231. Power of Two

Description

Given an integer n, return true if it is a power of two. Otherwise, return false.

An integer n is a power of two, if there exists an integer x such that n == 2^x.

Example 1:

Input: n = 1
Output: true
Explanation: 2⁰ = 1

Example 2:

Input: n = 16
Output: true
Explanation: 2⁴ = 16

Example 3:

Input: n = 3
Output: false

Constraints:

-2³¹ <= n <= 2³¹ - 1

Follow up: Could you solve it without loops/recursion?

Solutions

Solution 1: Bit Manipulation

According to the properties of bit manipulation, executing \(\texttt{n\&(n-1)}\) can eliminate the last bit \(1\) in the binary form of \(n\).
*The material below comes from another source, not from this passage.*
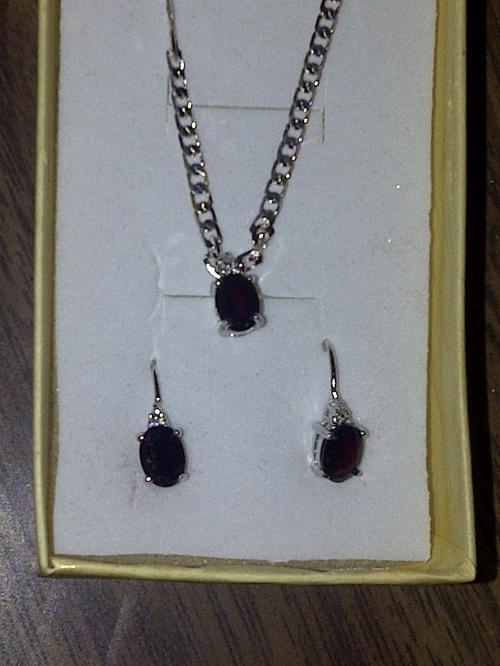 NECKLACE & EARRING 3PC SET - 3TCW OVAL FACETTED DEEP RED BROWN GARNET & ROUND FACETTED DIAMOND IN STAMPED 925 STERLING SILVER SETTING - PLATINUM OVERLAY - INCLUDES STERLING SILVER CHAIN - INCLUDES CERTIFICATE $360 (W-20)
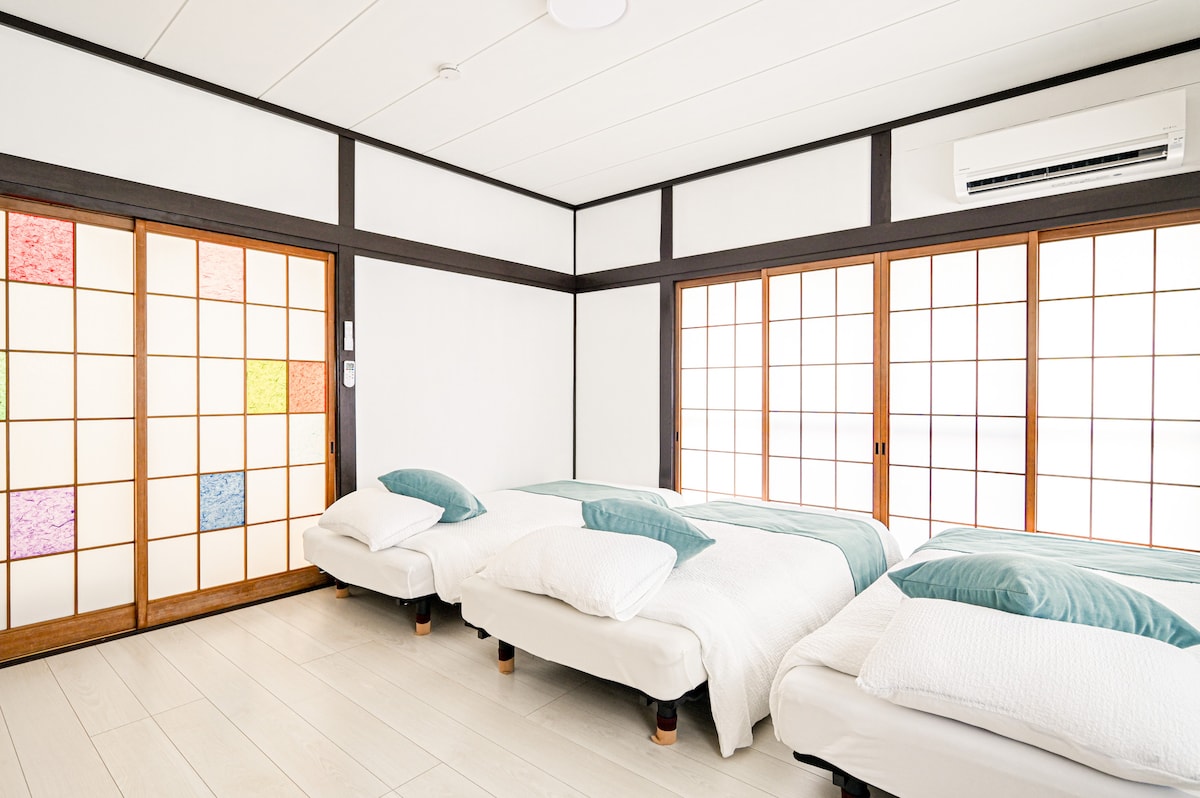 Our house is traditional Japanese style house. 150 years old and in a very quiet location. We are renting house. Not shared with other guests. There are 2 bedrooms(Tatami-room) and 1 living room, gameroom, bathroom, shower toilet, all of the room are only for you. *Children is free of charge if your children don't need a bed and break fast. There are air conditioners in bedroom and livingroom.

Therefore, if \(n > 0\) and \(\texttt{n\&(n-1)}\) results in \(0\), then \(n\) is a power of \(2\).

The time complexity is \(O(1)\), and the space complexity is \(O(1)\).

Python3JavaC++GoTypeScriptRustJavaScript

class Solution:
    def isPowerOfTwo(self, n: int) -> bool:
        return n > 0 and (n & (n - 1)) == 0

class Solution {
    public boolean isPowerOfTwo(int n) {
        return n > 0 && (n & (n - 1)) == 0;
    }
}

class Solution {
public:
    bool isPowerOfTwo(int n) {
        return n > 0 && (n & (n - 1)) == 0;
    }
};

func isPowerOfTwo(n int) bool {
    return n > 0 && (n&(n-1)) == 0
}

function isPowerOfTwo(n: number): boolean {
    return n > 0 && (n & (n - 1)) === 0;
}

impl Solution {
    pub fn is_power_of_two(n: i32) -> bool {
        n > 0 && (n & (n - 1)) == 0
    }
}

/**
 * @param {number} n
 * @return {boolean}
 */
var isPowerOfTwo = function (n) {
    return n > 0 && (n & (n - 1)) == 0;
};

Solution 2: Lowbit

According to the definition of \(\text{lowbit}\), we know that \(\text{lowbit}(x) = x \& (-x)\), which can get the decimal number represented by the last bit \(1\) of \(n\). Therefore, if \(n > 0\) and \(\text{lowbit}(n)\) equals \(n\), then \(n\) is a power of \(2\).